On May 15, 2026, the Board appointed Krystal Eckhart, previously a Vice President, as Interim CEO and Interim CFO. Eckhart has more than 15 years of healthcare revenue cycle and financial operations experience and has worked with Selectis Health since 2016, overseeing Medicare and Medicaid operations, audits, financial reporting, and acquisition-related processes.
Selectis Health, Inc. notified the SEC under Rule 12b-25 that it could not timely file its Quarterly Report on Form 10-Q for the period ended March 31, 2026 because it has not completed preparation of its unaudited financial statements. The company signed the notice on May 14, 2026.
Selectis Health, Inc. completed the sale of two Georgia skilled nursing facilities for an aggregate purchase price of $15.7 million. After repaying mortgage debt and other liabilities, the company received approximately $9 million in net proceeds, excluding $1.57 million placed into escrow that may be released later.
The facilities include the 101-bed Glen Eagle Healthcare and Rehab in Abbeville and the 100-bed Eastman Healthcare and Rehab in Eastman. Operations were transferred from the company’s controlled operators to subsidiaries of the purchasers under an Operations Transfer Agreement without additional consideration. Selectis Health retained rights to collect tenant amounts relating to pre-closing periods, and unaudited pro forma financial information reflecting this disposition will be provided in a later amendment.
Black Pearl Equities terminated its cash tender offer for Selectis Health on May 1, 2026. The Purchaser offered to buy not less than 51% and up to 100% of outstanding shares at $5.05 per share. The Offer was ended because the Company did not remove or waive a transfer/ownership limitation (including a 9.8% cap) and the Board would not irrevocably waive charter provisions affecting tendered shares. No shares were accepted and no consideration was paid; tendered shares will be returned.
Selectis Health, Inc. reported a narrowed net loss for the year ended December 31, 2025 while remaining under financial strain. Total revenue rose about 6% to $41.4 million, driven by higher Medicaid rates that lifted healthcare revenue to $41.4 million, while rental revenue disappeared after prior property sales.

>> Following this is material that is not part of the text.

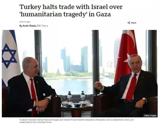 BBC de iki ülke arasındaki ticaretin geçtiğimiz yıl neredeyse 7 milyar dolar değerinde olduğuna dikkat çekti ve Cumhurbaşkanı Erdoğan’ın İsrail saldırılarının başladığı 7 Ekim’den bu yana Tel Aviv yönetimini sert sözlerle eleştirdiğini hatırlattı.
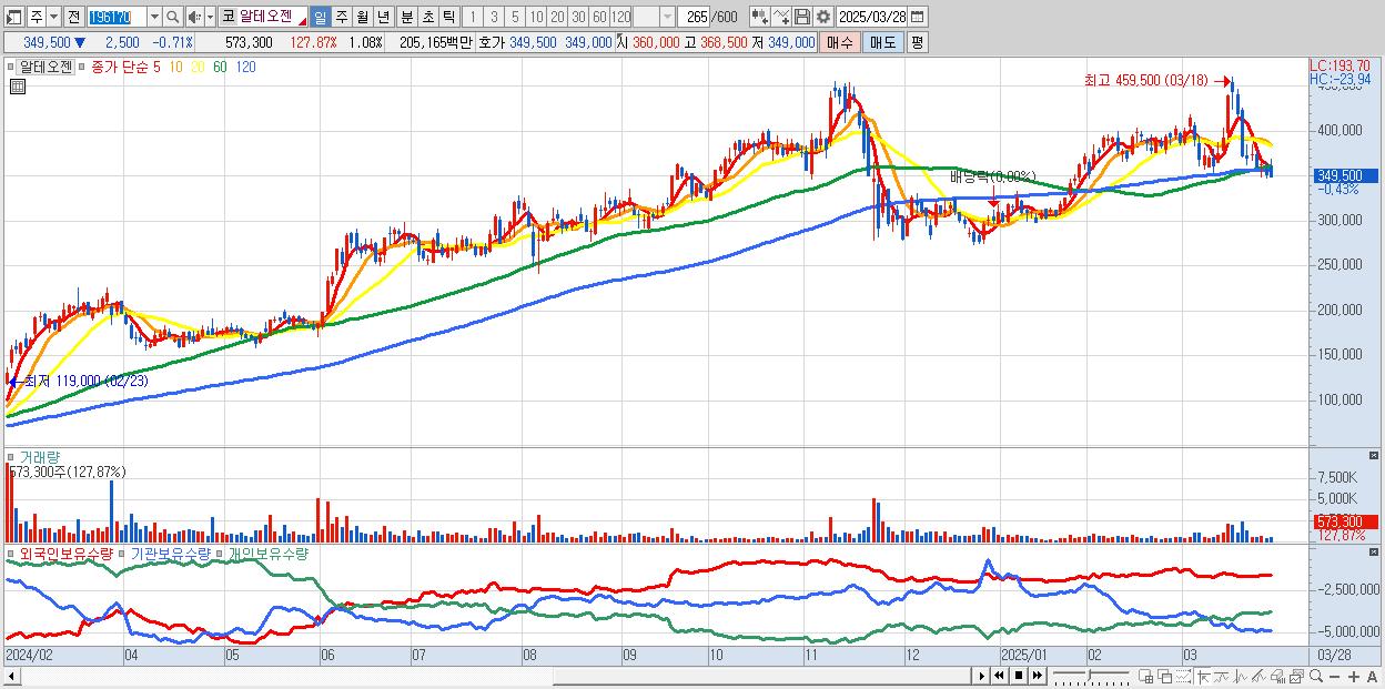 - 알테오젠 (352,500원 ▲ 0.14% , 시총: 187,949억, 거래량: 376,195, 거래대금:1,346억)

Operating expenses grew to $43.0 million, leaving a loss from operations of $1.6 million. After interest, credits and other income, net loss attributable to common stockholders improved to $1.1 million, or $0.34 per share, versus a $2.4 million loss in 2024.
The company owned 12 long‑term care facilities at year‑end, operating nine and leasing one, and has begun exiting Georgia through facility sales in early 2026. Debt remained high at about $31.0 million, with weighted average interest rates above 6% on fixed and above 8% on variable borrowings. Selectis ended 2025 with $1.0 million in cash, $0.8 million in restricted cash and a working capital deficit of $17.7 million, leading management to disclose substantial doubt about its ability to continue as a going concern without new capital, cost reductions or asset sales.
Selectis Health, Inc. reported that David Furstenberg resigned as a member of its Board of Directors and Audit Committee, effective immediately on March 30, 2026. The company expressed appreciation for his generous service and support, and the report was signed by CEO Adam Desmond.
Selectis Health, Inc. has filed a Schedule 14D-9 in response to a $5.05 per share cash tender offer from Black Pearl Equities, LLC to buy up to 100% of the Company’s common stock. As of March 9, 2026, 3,067,059 shares were issued and outstanding.
The Board has taken a neutral position and is not recommending whether stockholders should tender. The Board reviewed trading history, considered asset valuations (company estimates asset value ~$34,300,000, potential total assets up to $45,600,000, liabilities ~$18,700,000, and an estimated net value of $26,900,000), and noted ongoing negotiations with Purchaser concerning a possible higher offer. Insiders beneficially own 496,640 shares in the aggregate and hold 67,500 warrants exercisable at $2.25.